Prognosemärkte wie Polymarket stehen im Fokus, da ungewöhnlich präzise Wetten auf den Iran-Konflikt den Verdacht auf Insiderhandel nahelegen.
Summary:
In der Podcast-Folge von Handelsblatt Today werden mehrere aktuelle wirtschafts- und geopolitischen Themen behandelt. Im Fokus stehen die gestiegene US-Inflation von 3,3% im März, hauptsächlich getrieben durch die Energiepreise aufgrund des Iran-Konflikts, was die Geldpolitik der US-Notenbank beeinflusst. Gleichzeitig blicken die Märkte mit vorsichtigem Optimismus auf die anstehenden Friedensgespräche zwischen den USA und dem Iran in Islamabad, was sich in steigenden Aktienkursen und einem leicht rückläufigen Ölpreis widerspiegelt.

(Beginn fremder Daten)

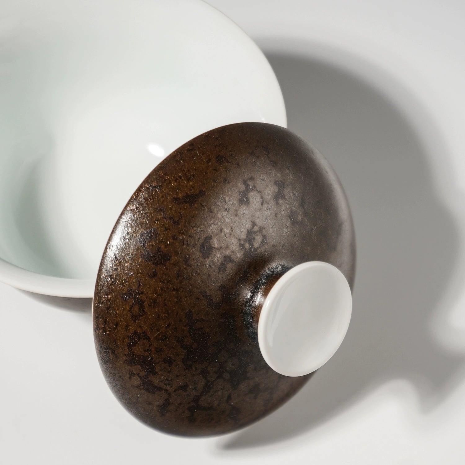 pure handmade high temperature raw ore glaze Chinese tea bowl, bronze small cover bowl 90ml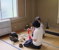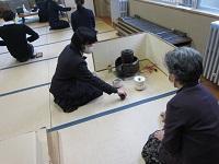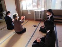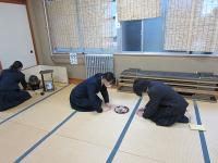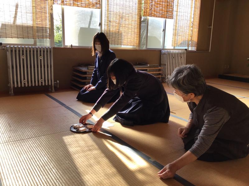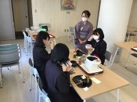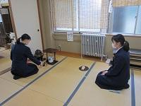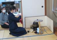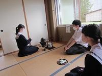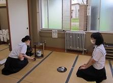 本校からは、部員7人、先生2人が参加し、茶道の先生のご指導のもと、お点前の練習や運ぶ練習等をしました。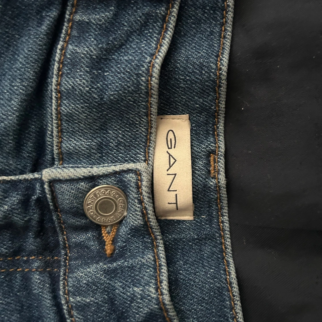 Sköna relaxed fit jeans blåa gant jeans, sitter bra, jag är strax under 170cm o de sitter bra men ksk lite för långa vilket e bra om man är lite över 170, har bara blivit använda 3 ggr, tagg inkluderad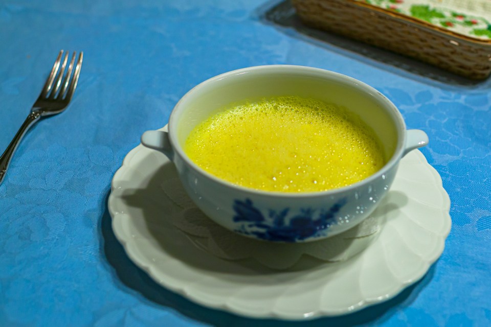 とうもろこしのスープ。とても濃いスープです。とうもろこしをそのまま食べているような気になります。

Rüstungswerte wie Rheinmetall verlieren hingegen deutlich an Wert. Ein weiterer Schwerpunkt ist eine mögliche strategische KI-Allianz zwischen Deutschland und Kanada, wobei die Bundesregierung einen Zusammenschluss der Unternehmen Aleph Alpha und Cohere aktiv fördert, um europäische digitale Souveränität aufzubauen. Abschließend wird das Phänomen der Prognosemärkte diskutiert, wo präzise Wetten auf den Iran-Krieg den Verdacht auf Insiderhandel wecken und deren regulatorische Implikationen hinterfragt werden.
FAQs
Prognose-Märkte wie Polymarket oder Calche sind Plattformen, auf denen Nutzer auf den Ausgang zukünftiger Ereignisse wetten können, z.B. auf den Verlauf von Friedensgesprächen oder politische Entscheidungen. Sie ermöglichen es, durch Wetten Prognosen abzugeben und dabei potenziell Geld zu verdienen.
Die US-Inflationsrate stieg im März im Vergleich zum Vorjahresmonat auf 3,3%, der stärkste Anstieg seit fast zwei Jahren. Haupttreiber waren die Energiepreise, die um 12,5% stiegen, wobei die Kerninflation ohne Energie und Lebensmittel nur leicht auf 2,6% zunahm.
Der DAX erholte sich leicht, während Rüstungsaktien wie Rheinmetall deutlich fielen. Der Ölpreis liegt bei etwa 96 USD pro Barrel, deutlich unter den Höchstwerten, aber über dem Niveau vor Kriegsbeginn, wobei die Lage weiter unsicher bleibt.
Die deutsche Firma Alfa und das kanadische KI-Start-up CoHIR verhandeln über eine Fusion, unterstützt von beiden Regierungen. Ziel ist es, durch eine neue Firma mit Standorten in beiden Ländern mehr digitale Souveränität zu erreichen und Abhängigkeiten von US-Konzernen zu verringern.
Die Bundesregierung agiert als potenzieller Ankerkunde, z.B. für Verwaltungsdigitalisierung, und könnte finanzielle Beteiligungen erwägen. Sie fördert die Allianz, um europäische Alternativen im KI-Bereich zu stärken und technologische Unabhängigkeit zu unterstützen.
CoHIR hat eine Bewertung von 6,8 Mrd. USD und jährliche Umsätze von 240 Mio. USD, während Alfa mit etwa 446 Mio. Euro bewertet wird und nach Stellenabbau sowie Führungswechseln schwächer dasteht. Die Fusion könnte CoHir den Einstieg in den deutschen Markt erleichtern.